Moreover, we agree with the Authority that Mulligan's tortious interference claim was precluded as a matter of law based on the "stranger doctrine." Physician Specialists in Anesthesia v. MacNeill, 246 Ga.App. 398, 406(4), 539 S.E.2d 216 (2000) ("application of the `stranger doctrine' precludes [tortious interference] claim as a matter of law"); Voyles v. Sasser, 221 Ga.App. 305, 306(3), 472 S.E.2d 80 (1996) ("[p]roof that [defendant] was no stranger to the business relations at issue is fatal to [plaintiff's] claim of tortious interference with business relations"); see also Atlanta Market Center Mgmt. Co. v. McLane, 269 Ga. 604, 609-610(2), 503 S.E.2d 278 (1998).

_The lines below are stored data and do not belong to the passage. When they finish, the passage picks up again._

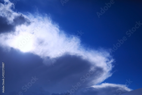 © 写真小僧, Fototapeta premium 太陽光に浮かび上がる黒い雲と透き通るような白い雲
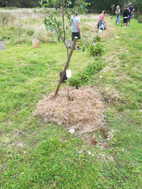 Dès 14h00, un retour sur des ateliers antérieurs a eu lieu dans ce magnifique jardin, des questions-réponses entre les adhérents et Guillaume, notre paysagiste ont poursuivi la visite pour terminer avec la plantation d'arbres à fruits sur buttes.
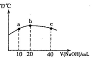 (6)元素T的含氧酸HTO具有漂白性。往20mL 0.0lmol·L-l的HTO溶液中逐滴加入一定浓度的烧碱溶液,测得混合溶液的温度变化如下图所示。据此判断:该烧碱溶液的浓度为______________mol·L-l;下列有关说法正确的是_______________。
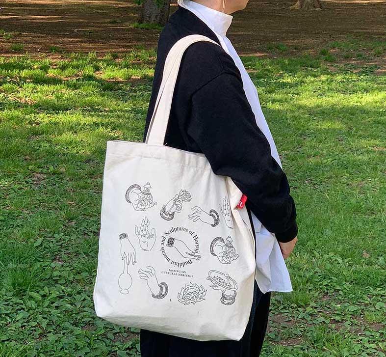 百済観音の手を描き起こしたデザインのトートバッグ。
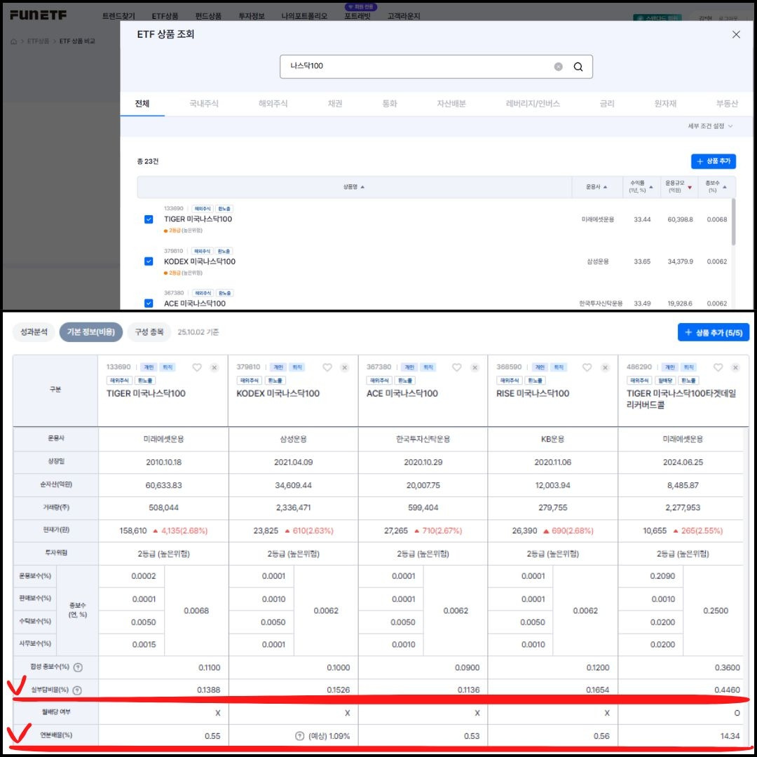 네이버증권 화면에서는 운용보수나 연분배율을 한눈에 비교하기 어려워서 FUNETF 사이트를 활용하면 조금 더 쉽게 비교할 수 있다. 가장 대표적인?! S&P500 지수를 추종하는 ETF들과 나스닥 100 지수를 추종하는 ETF를 비교해 보았다. ( https://www.funetf.co.kr/ )
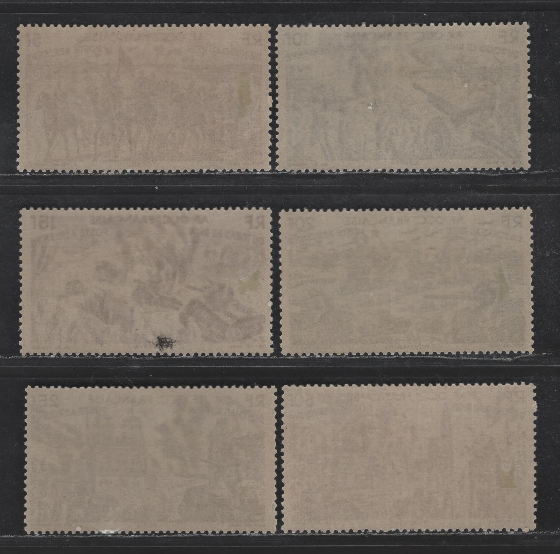 6 VFOG singles of the 5fr - 50fr brown carmine - brown City from the 1946 From Chad To Rhine Airmail Issue.
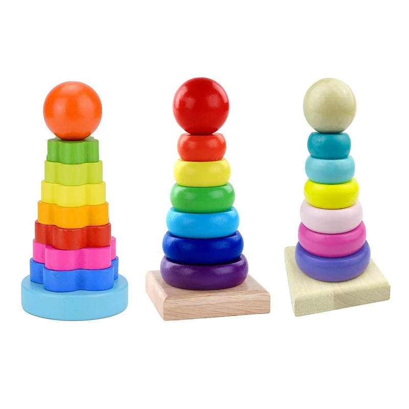 Деревянная Радуга башня Радуга Укладка Кольца игрушка Классический укладчик развивающие игрушки с премиум с 8 красочными шт
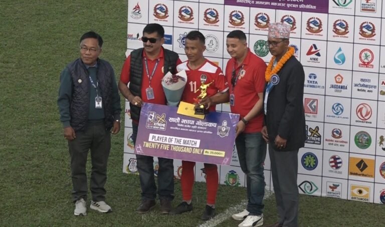 आजको खेल आर्मीको एक तर्फी जस्तै र्हयो । आजको प्लेयर अफ दि म्याच आर्मीका नविन लामा भएका छन् । उनले नगद २५ हजार रुपैया हात पारे ।
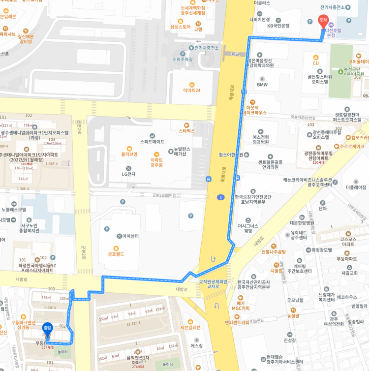 광주서구 화정동 무등파크 광주시 서구 화정동 무등파크에서 서구 죽봉대로 78번길9 에디션 호텔 광천점까지

4. Lastly, Mulligan argues that the trial court erred in granting summary judgment on her tort and contract claims for breach of the Authority's bylaws. Mulligan points to two portions of the bylaws she contends were breached, the preamble language relating to quality of patient care and the provision that prohibits the Authority from granting or denying clinical privileges "based solely or primarily on economic criteria that do not relate to clinical qualifications, professional responsibility or quality of care." But Mulligan has raised no claims that her clinical privileges were in any way limited by the Authority on this basis. Moreover, we have found nothing to support Mulligan's contention that claims may be based on the preamble to the bylaws which merely sets forth an aspirational or policy statement. This enumeration is thus also without merit.
Judgment affirmed.
ANDREWS, P. J., and BARNES, J., concur.
NOTES
[1] For other related appeals, see Mulligan v. Rawls, 261 Ga.App. 419, 582 S.E.2d 562 (2003); Alta Anesthesia Assoc. of Ga. v. Gibbons, 245 Ga.App. 79, 537 S.E.2d 388 (2000); Glynn-Brunswick Mem. Hosp. Auth. v. Gibbons, 243 Ga.App. 341, 530 S.E.2d 736 (2000) (three cases).